Akbar menjelaskan, jika mempelajari hadirnya nama si anak dalam daftar keberangkatan peserta Bimtek, termasuk permintaan ijin dari oknum pejabat kepada pihak sekolah si anak, hingga munculnya pernyataan dari Kepala Unit PPA Kabupaten Luwu Timur yang menuding korban mengalami “gangguan kejiwaan”, kuat dugaan adanya “kerjasama yang baik” dari berbagai pihak tertentu untuk melakukan Eksploitasi Anak Perempuan Dibawah Umur, lalu menutupinya dengan memanfaatkan jabatan yang dimiliki.
Jika dugaan ini benar, lanjut Akbar, maka para pelaku bukan hanya telah melakukan kekerasan “Biasa” terhadap anak, namun patut diduga kuat mereka telah terlibat dalam sindikat atau jaringan Tindak Pidana Perdagangan Orang.
Perlu di ingat, lanjut Akbar, pelaku kekerasan terhadap anak, apalagi jika itu mengarah kepada eksploitasi hingga kekerasan seksual, bisa jerat dengan berbagai peraturan perundang-undangan, mulai dari Pidana Umum, hingga undang-undang khusus, seperti UU No. 23/2002 sebagaimana telah dirubah melalui UU No. 35/2014 tentang Perlindungan Anak, UU No. 21/2007 tentang Pemberantasan Tindak Pidana Perdagangan Orang, hingga UU No.12/2022 tentang Tindak Pidana Kekerasan Seksual.

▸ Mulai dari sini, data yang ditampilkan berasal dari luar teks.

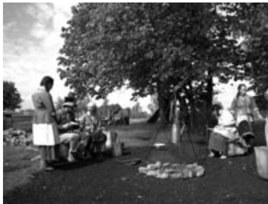
Le campement des Autochtones

De plus, en raison de son affluence et de sa proximité du marché de Winnipeg, Lower Fort Garry peut se révéler utile de différentes
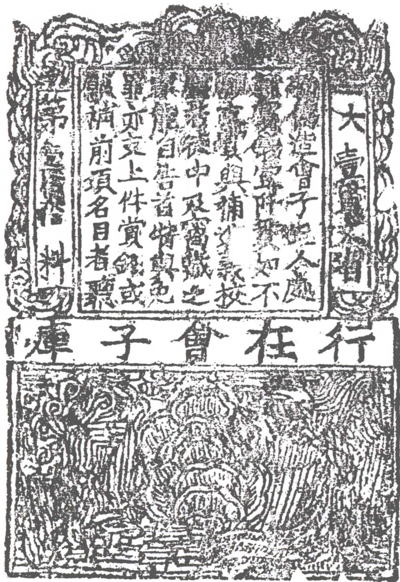
南宋行在會子庫版拓本 中国历史博物馆收藏
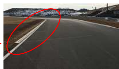
130R コーナー立ち上り左側
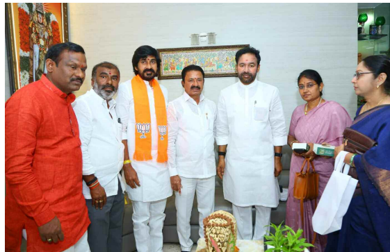
కేంద్ర మంత్రి కిషన్ రెడ్డిని కలిసిన రంగారెడ్డి జిల్లా జిజిబి నాయకులు
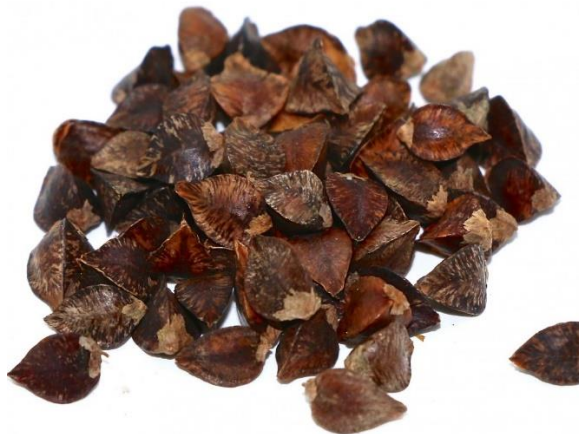
Slika 6. Sjeme heljde

izazvati osip, a slama od heljde može uzrokovati gastrointestinalne tegobe. Stoga se pri korištenju heljde kao ishrane preporuča miješanje s drugim žitaricama, u omjeru 1:2.

“Jadi singkatnya, jika skandal oknum kades ini benar, para pelaku bisa dijerat dengan berbagai peraturan perundang-undangan, termasuk bagi mereka yang melakukan pembiaran terhadap terjadinya tindak pidana itu, sebagaimana disebutkan dalam Pasal 76 c UU 35/2014 tentang perlindungan Anak dengan ancaman pidana penjara lebih dari 3 tahun.

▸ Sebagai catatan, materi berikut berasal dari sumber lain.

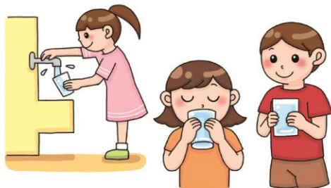
のどが渇く前に水分補給
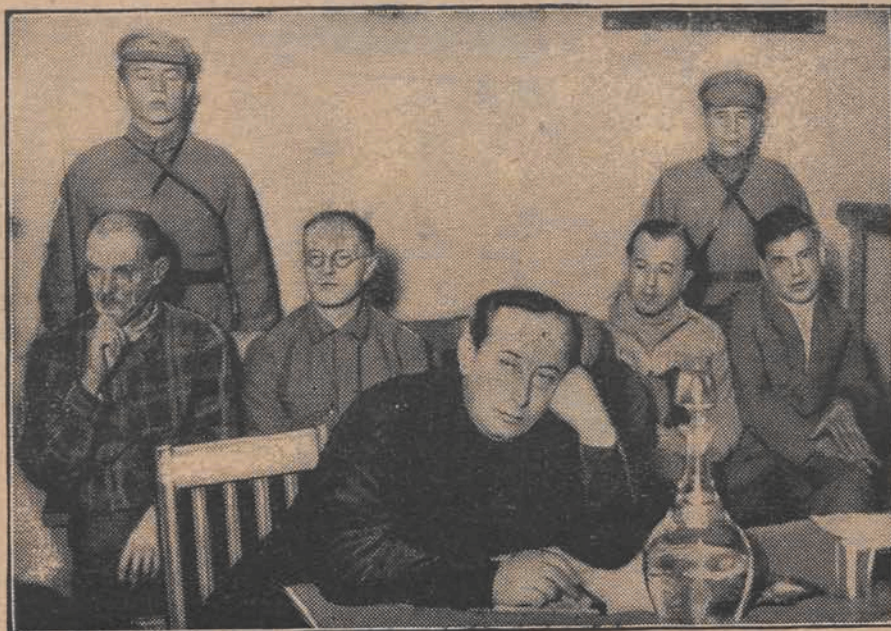
Zdjęcie nasze przedstawia 4 skazanych, przez bolszewicki sąd, na karę śmierci przez rozstrzelanie za szpiegostwo na rzecz Anglii. Na pierwszym miejscu siedzi obrońca.
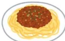
ミートソーススパゲッティ (主食・主菜)
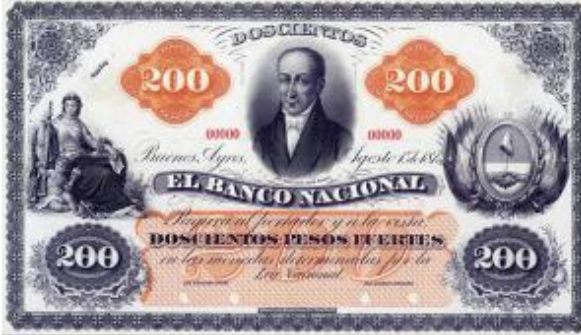
200 Pesos Fuertes Emisor: Banco Nacional Anverso: Juan José Paso Año: 1873
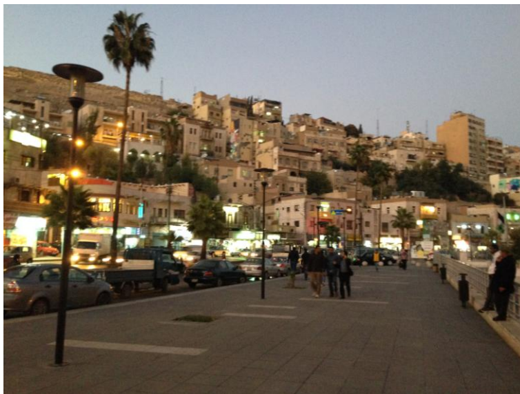
Foto: V starom centre Ammanu

Zaujimave je, ze povodni domorodi Jordanci tvoria mensinu obyvateľstva. Vacsinu obyvateľstva tvoria pristahovalci z Egypta a tiez Palestinci. Aspon tak nam to tvrdil miestny kolega.

Untuk itu, Akbar mendesak seluruh pihak terkait, terutama Bupati Luwu Timur, Unit PPA Luwu Timur, hingga Penyidik Kepolisian segera menindaklanjuti persoalan ini dengan melakukan penyelidikan secara profesional dan transparan demi menjaga nama baik Institusi Pemerintahan dan Penegak Hukum, khususnya di wilayah hukum Luwu Timur. (*)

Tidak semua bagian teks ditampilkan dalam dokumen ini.